John Reid, president and CEO of the Canadian Advanced Technology Alliance, says the ratio of multinationals to SMEs in Canada is on the low side compared with other OECD countries. This preponderance of SMEs — which typically have lower productivity performance than large ‘flagships’ with extensive supply chains — limits Canada’s wealth creation, he says. “If Canada wants to improve, then we must somehow learn how to create multinationals, or we will forever lag the rest of the world in productivity.”

“Buy versus make” innovation approach in jeopardy

Nicholson says Canada has produced a very successful economy by using its natural resources export revenue to acquire most advanced technologies from other countries. But, he says, this “buy versus make” approach to innovation has serious drawbacks: it can become more expensive, results in insufficient domestic technological capacity in the global knowledge economy, and lacks security as a long-term private business strategy.

In his paper “Facing the Facts: Reconsidering Business Innovation Policy in Canada,” written for the Institute for Research on Public Policy, Nicholson details several mega-trends that he argues will require a new commitment to innovation by Canadian business:

  • growth in the global market is much stronger in Asia than in Canada’s major markets in North America;
  • Canadian businesses are investing only a fraction on IT technology per worker compared with the U.S. and other countries;
  • Canada’s natural resource base — oil and gas, mining and forestry — faces increasing environmental challenges and substitute products; and
  • the number of Canadian workers is declining, which will require innovation to maintain and increase productivity.

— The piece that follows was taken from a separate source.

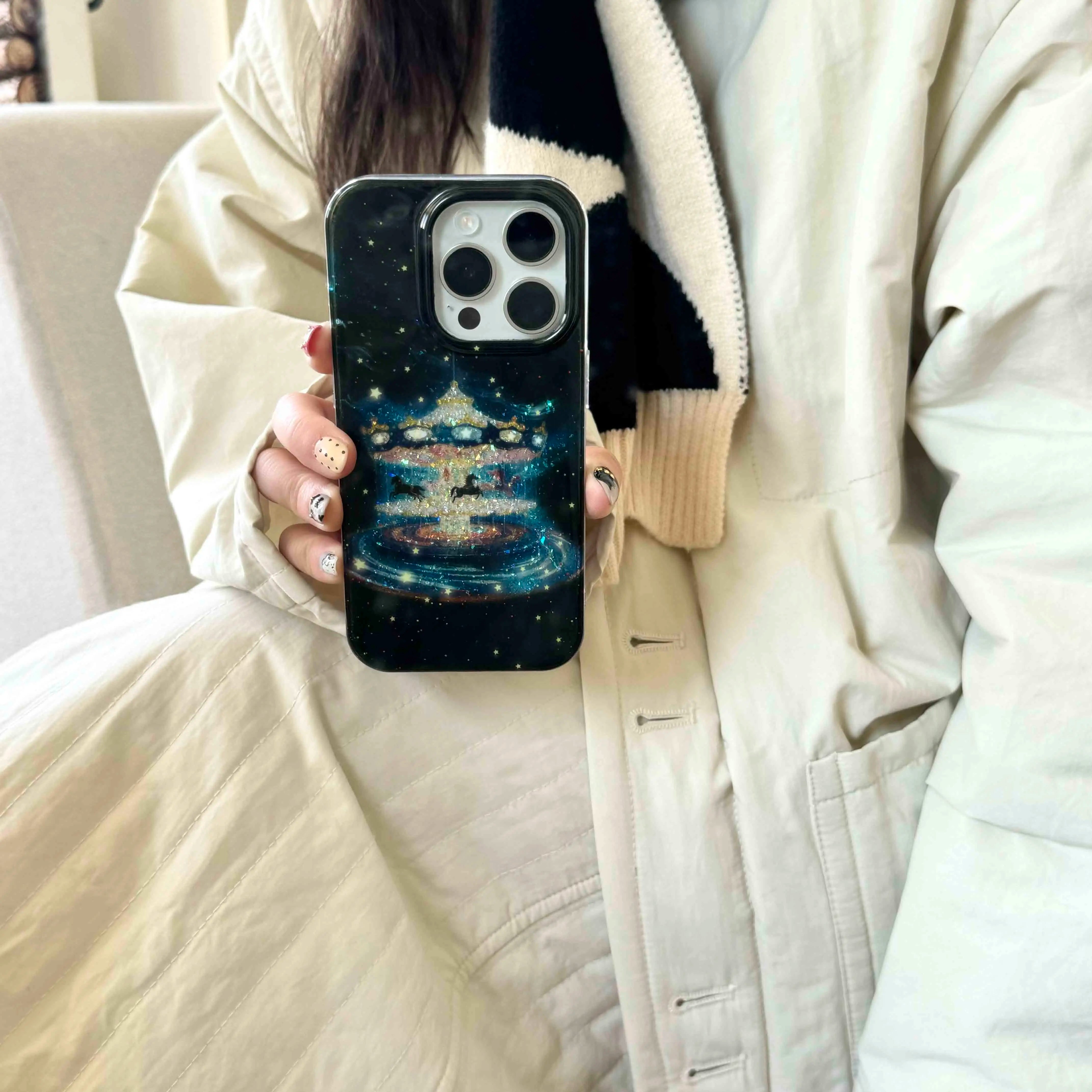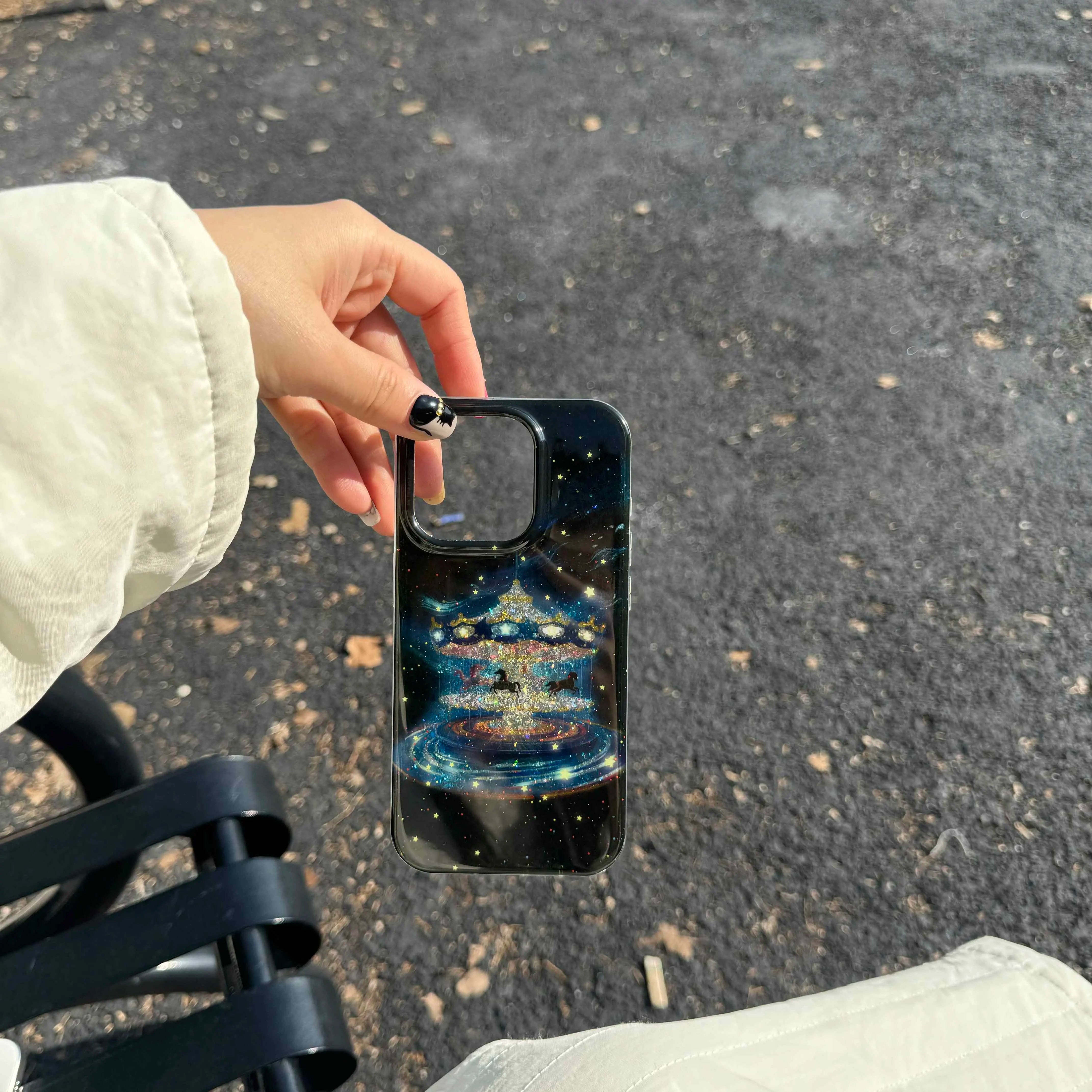 Qfdian Dreamy shiny carrousel phone case for iphone 15pro 13promax 14promax 16 14 13 15 pro max16promax ins protectoro cover shell

Even though Canadian governments have provided businesses with substantial incentives to encourage R&D, business hasn’t responded in a way that has increased the innovation intensity of the economy, Nicholson says. “If business decides that they really have to make a serious, sustained effort to become far more innovative, then that will create a great deal more leverage for government programs.”

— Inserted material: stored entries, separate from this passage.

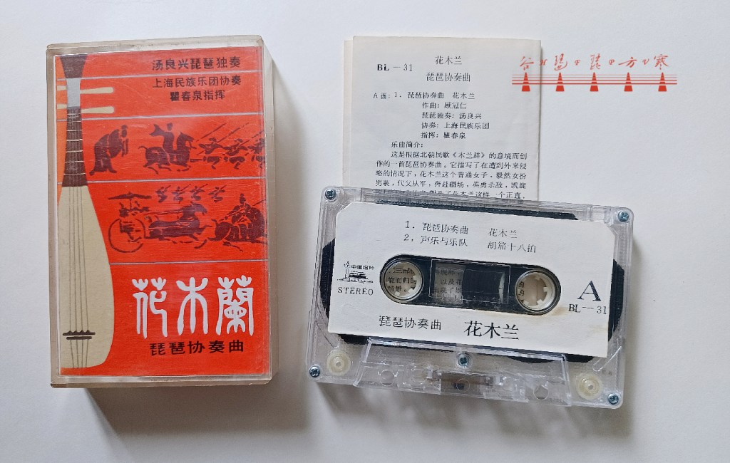 這盒1983年出版的《花木蘭》琵琶協奏曲,由湯良興琵琶獨奏,上海民族樂團協奏,瞿春泉指揮。當年買回來想必是聽完了一次就帶也不回的收起來,磁帶就停在協奏曲曲終位置,一放就幾十年。現在打開一看,嚇了一跳,可算是我藏品中發霉較嚴重的一盒!
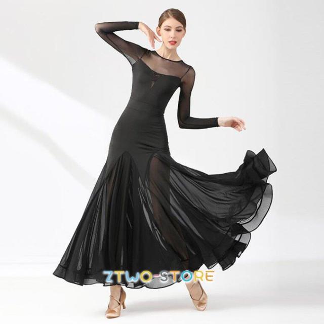 社交ダンスドレスレディース モダンダンス ロング丈ワンピース 長袖 レッスン着 フラメンコ ワルツ専用ドレス スタンダード練習着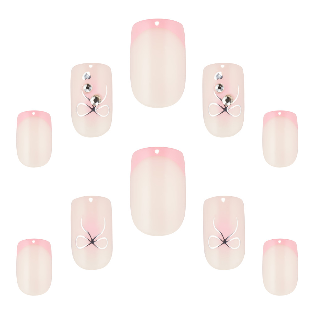 Soft, sweet, and full of charm. Pretty in Pink features a delicate nude base with playful pink French tips and a tiny bow on the accent nail - because the little details make all the difference. It’s girly, graceful, and made for your cutest moments.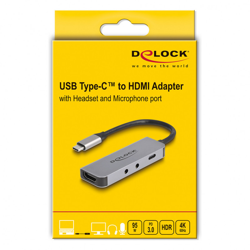 "DeLOCK 61064. Host interface: USB 3.2 Gen 1 (3.1 Gen 1) Type-C, Hub interfaces: 3.5mm, HDMI, USB 3.2 Gen 1 (3.1 Gen 1) Type-C. Maximum refresh rate: 60 Hz, Supported graphics resolutions: 3840 x 2160, Maximum resolution (HDMI): 3840 x 2160 pixels. Power supply type: USB. Windows operating systems supported: Windows 10, Windows 10 x64, Windows 11, Mac operating systems supported: Mac OS X 13.0 Ventura, Mac OS X 14.0 Sonoma, Linux operating systems supported: Linux Kernel 6.2. Quantity per pack: 1 pc(s), Package type: Box"\n"This adapter by Delock is suitable for the connection of a HDMI monitor to a computer with USB-C™ interface and DisplayPort alternate mode support. Thus, the adapter can be connected to different laptops like MacBook, Chromebook and similar. In addition, the adapter can also be operated on a Thunderbolt™ 3 or Thunderbolt™ 4 interface.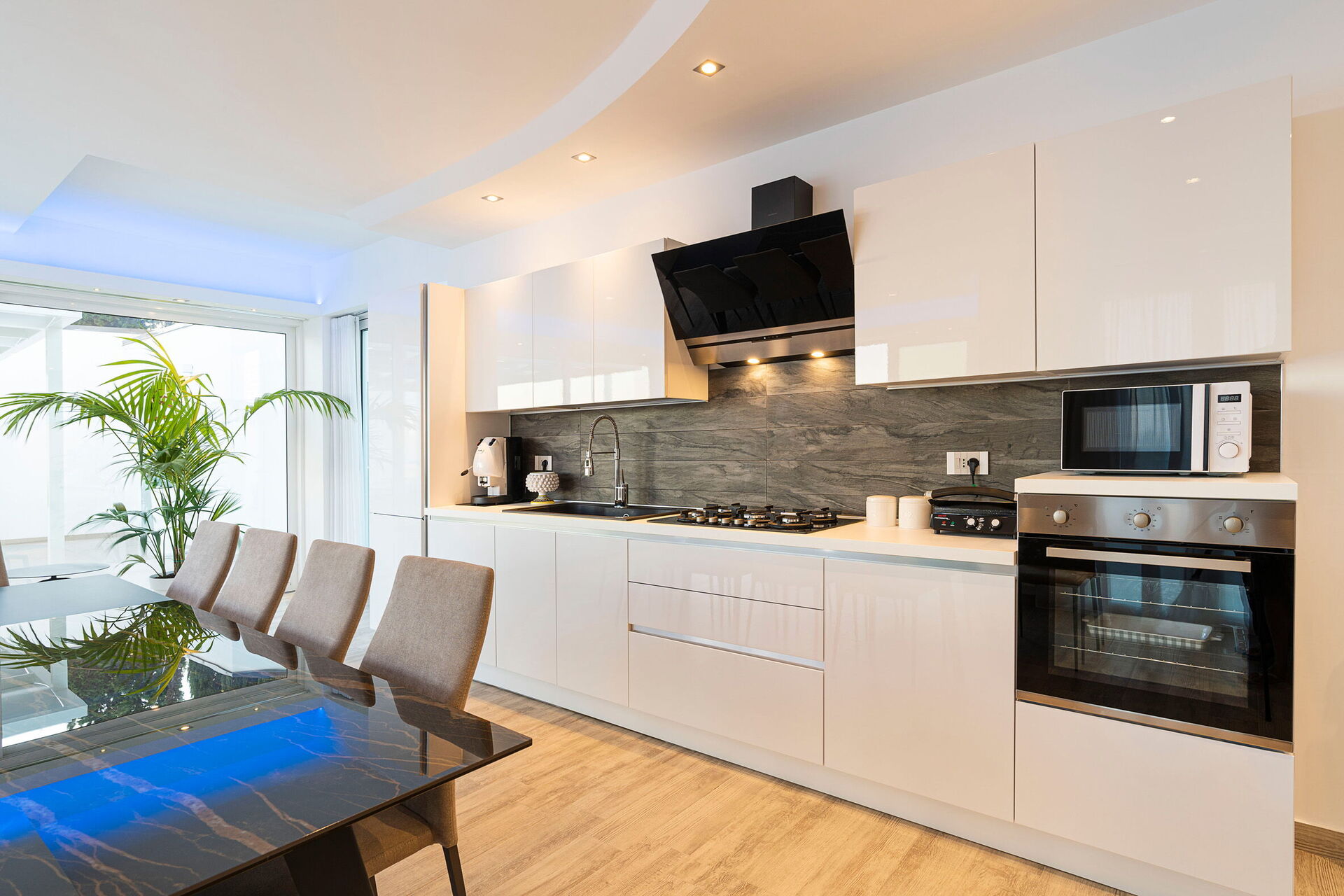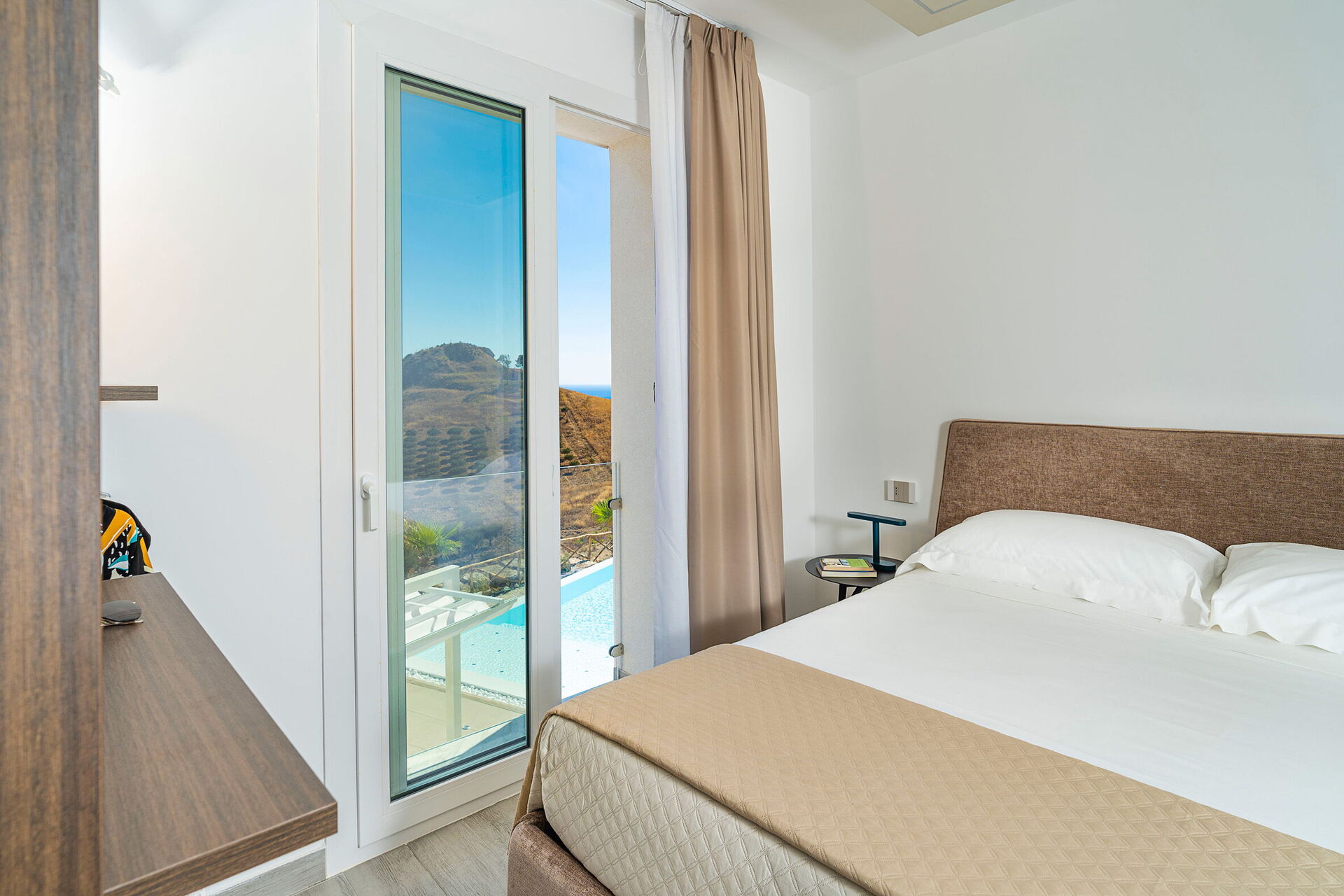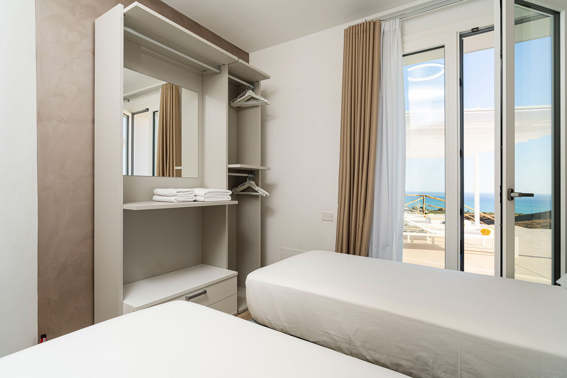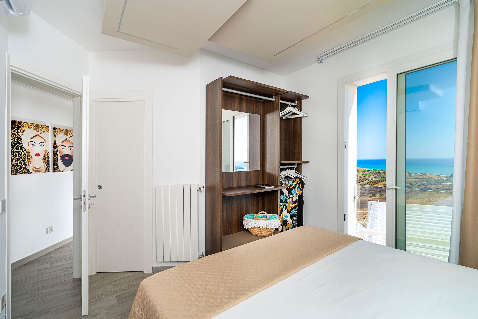 If you are looking for an exclusive vacation villa in Sicily, Villa Domizia is for you. Modern and refined, it has 4 bedrooms to accommodate up to 8 people. The light and panoramic views are this marvelous villa’s best features: both inside and outside there are spectacular views of the sea and the surrounding countryside. Outside, you can relax in the large saltwater pool with a whirlpool zone.

Reid says Canada needs a new branding statement that “recognizes that data is the new oil.” Canadian and foreign-owned businesses should both be coordinated and leveraged to add value to the economy, he says. “You have to do everything in your power to attract capital, deploy more of it towards growth opportunities, and get the best out of that [innovation] chain from idea to commercialization, and scale-up to flagships.”

Kilcrease says Canadian businesses have to partner more with multinationals and emulate their best practices, such as by more boldly and proactively working their global networks to expand customers and markets. Last year, Alberta Innovates launched a new annual, international conference, called Inventures, that brought together the communities of innovation, business and capital. “Over $50 million in business has so far come out of that first conference,” she says.

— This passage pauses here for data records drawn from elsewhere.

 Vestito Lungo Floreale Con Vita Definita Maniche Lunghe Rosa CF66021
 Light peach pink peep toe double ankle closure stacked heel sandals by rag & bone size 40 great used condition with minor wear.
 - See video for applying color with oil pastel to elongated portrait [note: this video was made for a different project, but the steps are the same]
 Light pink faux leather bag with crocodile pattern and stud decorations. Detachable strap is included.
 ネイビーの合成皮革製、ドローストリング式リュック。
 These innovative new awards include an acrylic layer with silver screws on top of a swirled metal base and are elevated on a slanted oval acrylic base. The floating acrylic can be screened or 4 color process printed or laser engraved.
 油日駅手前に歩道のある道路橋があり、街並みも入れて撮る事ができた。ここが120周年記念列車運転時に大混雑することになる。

But Hawkins worries that Canada has already missed the boat. "We basically screw cars together and we suck oil out of the ground," he says. "We’ve been investing in two losing industries for a long time that are disappearing.”

“Business does need to wake up,” Nicholson says. “The bottom line of all this is that by far the major incentive for Canadian businesses to invest more in innovation as a business strategy are these challenges coming from the global market.”